#### Available data

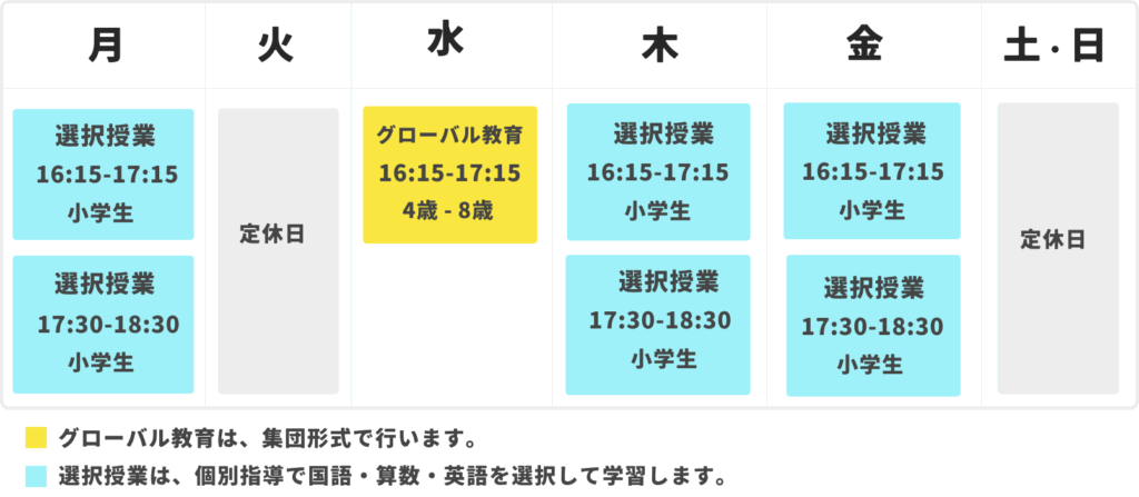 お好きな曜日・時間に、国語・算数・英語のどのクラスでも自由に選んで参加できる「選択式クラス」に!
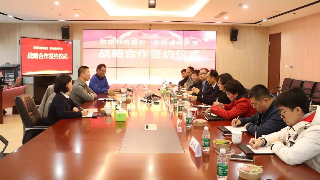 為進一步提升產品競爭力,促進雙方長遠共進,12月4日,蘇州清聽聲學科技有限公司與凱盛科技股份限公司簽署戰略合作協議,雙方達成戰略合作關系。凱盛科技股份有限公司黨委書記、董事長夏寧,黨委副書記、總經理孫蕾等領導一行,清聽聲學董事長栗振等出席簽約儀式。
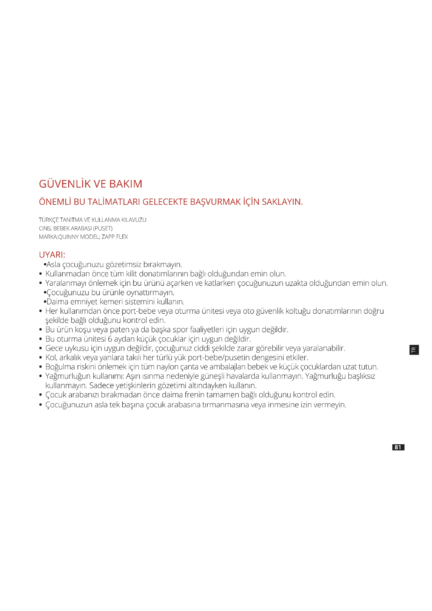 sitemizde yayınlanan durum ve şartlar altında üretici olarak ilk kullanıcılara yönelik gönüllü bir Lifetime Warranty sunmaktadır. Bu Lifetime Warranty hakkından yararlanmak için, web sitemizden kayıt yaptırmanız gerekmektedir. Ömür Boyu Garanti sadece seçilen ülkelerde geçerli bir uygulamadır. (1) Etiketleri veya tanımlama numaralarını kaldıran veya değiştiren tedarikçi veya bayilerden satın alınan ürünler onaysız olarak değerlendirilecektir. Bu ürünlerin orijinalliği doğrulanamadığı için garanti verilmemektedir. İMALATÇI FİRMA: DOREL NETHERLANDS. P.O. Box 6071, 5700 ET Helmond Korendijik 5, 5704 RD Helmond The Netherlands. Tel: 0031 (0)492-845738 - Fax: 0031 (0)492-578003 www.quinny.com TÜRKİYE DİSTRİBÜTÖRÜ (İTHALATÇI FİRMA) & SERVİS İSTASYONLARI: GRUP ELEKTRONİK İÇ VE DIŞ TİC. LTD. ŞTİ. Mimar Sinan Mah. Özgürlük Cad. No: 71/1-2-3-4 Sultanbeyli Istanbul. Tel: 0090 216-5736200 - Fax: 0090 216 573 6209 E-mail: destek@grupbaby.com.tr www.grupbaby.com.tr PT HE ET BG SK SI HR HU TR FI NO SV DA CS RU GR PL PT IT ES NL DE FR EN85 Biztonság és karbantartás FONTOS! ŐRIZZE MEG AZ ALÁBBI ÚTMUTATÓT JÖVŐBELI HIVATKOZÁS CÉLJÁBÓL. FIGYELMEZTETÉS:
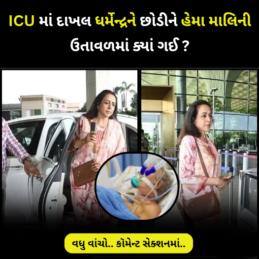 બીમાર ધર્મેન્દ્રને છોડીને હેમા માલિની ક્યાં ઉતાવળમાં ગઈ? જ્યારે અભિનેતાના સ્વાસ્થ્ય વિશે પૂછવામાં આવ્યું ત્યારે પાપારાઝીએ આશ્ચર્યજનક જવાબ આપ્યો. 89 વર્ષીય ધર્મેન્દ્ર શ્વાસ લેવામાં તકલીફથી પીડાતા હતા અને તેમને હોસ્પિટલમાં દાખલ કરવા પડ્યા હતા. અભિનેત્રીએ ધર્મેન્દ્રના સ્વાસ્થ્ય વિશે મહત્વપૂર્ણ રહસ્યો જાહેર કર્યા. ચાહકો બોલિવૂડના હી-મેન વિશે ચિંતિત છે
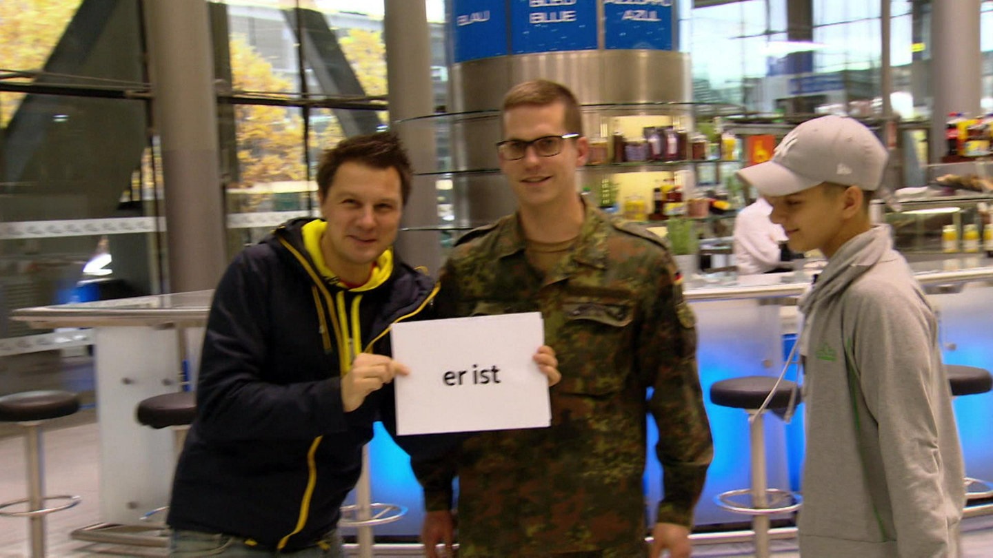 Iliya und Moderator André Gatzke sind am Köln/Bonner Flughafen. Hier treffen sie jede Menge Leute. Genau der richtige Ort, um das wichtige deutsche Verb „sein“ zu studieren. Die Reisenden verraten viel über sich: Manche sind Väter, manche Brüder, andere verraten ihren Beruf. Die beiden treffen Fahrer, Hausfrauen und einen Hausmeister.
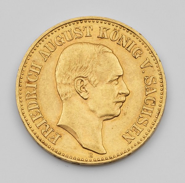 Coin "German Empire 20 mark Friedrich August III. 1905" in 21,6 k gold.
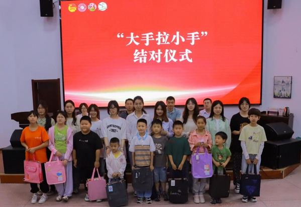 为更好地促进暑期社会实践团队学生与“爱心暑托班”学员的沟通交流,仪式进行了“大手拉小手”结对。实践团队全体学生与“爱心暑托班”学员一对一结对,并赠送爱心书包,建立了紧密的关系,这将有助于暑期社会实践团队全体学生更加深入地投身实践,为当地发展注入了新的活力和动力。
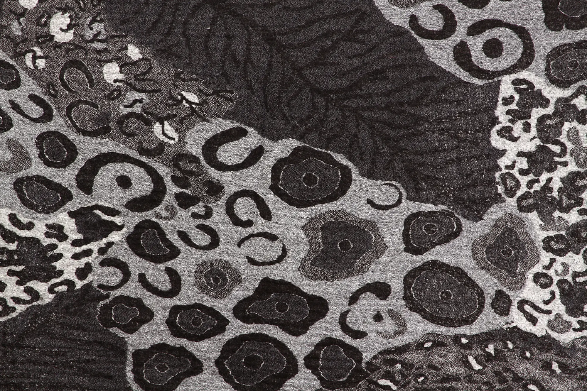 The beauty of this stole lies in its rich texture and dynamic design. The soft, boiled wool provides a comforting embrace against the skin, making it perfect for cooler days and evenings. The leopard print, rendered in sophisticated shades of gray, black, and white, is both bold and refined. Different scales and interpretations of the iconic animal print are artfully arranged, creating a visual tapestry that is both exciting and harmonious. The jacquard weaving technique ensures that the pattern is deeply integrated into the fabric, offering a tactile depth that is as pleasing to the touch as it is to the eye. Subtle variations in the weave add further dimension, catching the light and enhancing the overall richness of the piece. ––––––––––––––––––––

########

Please set down only the lines from the first line of the records above through the line that has "為進一步提升產品競爭力,促進", exactly, and not the pictures.

 お好きな曜日・時間に、国語・算数・英語のどのクラスでも自由に選んで参加できる「選択式クラス」に!
 為進一步提升產品競爭力,促進雙方長遠共進,12月4日,蘇州清聽聲學科技有限公司與凱盛科技股份限公司簽署戰略合作協議,雙方達成戰略合作關系。凱盛科技股份有限公司黨委書記、董事長夏寧,黨委副書記、總經理孫蕾等領導一行,清聽聲學董事長栗振等出席簽約儀式。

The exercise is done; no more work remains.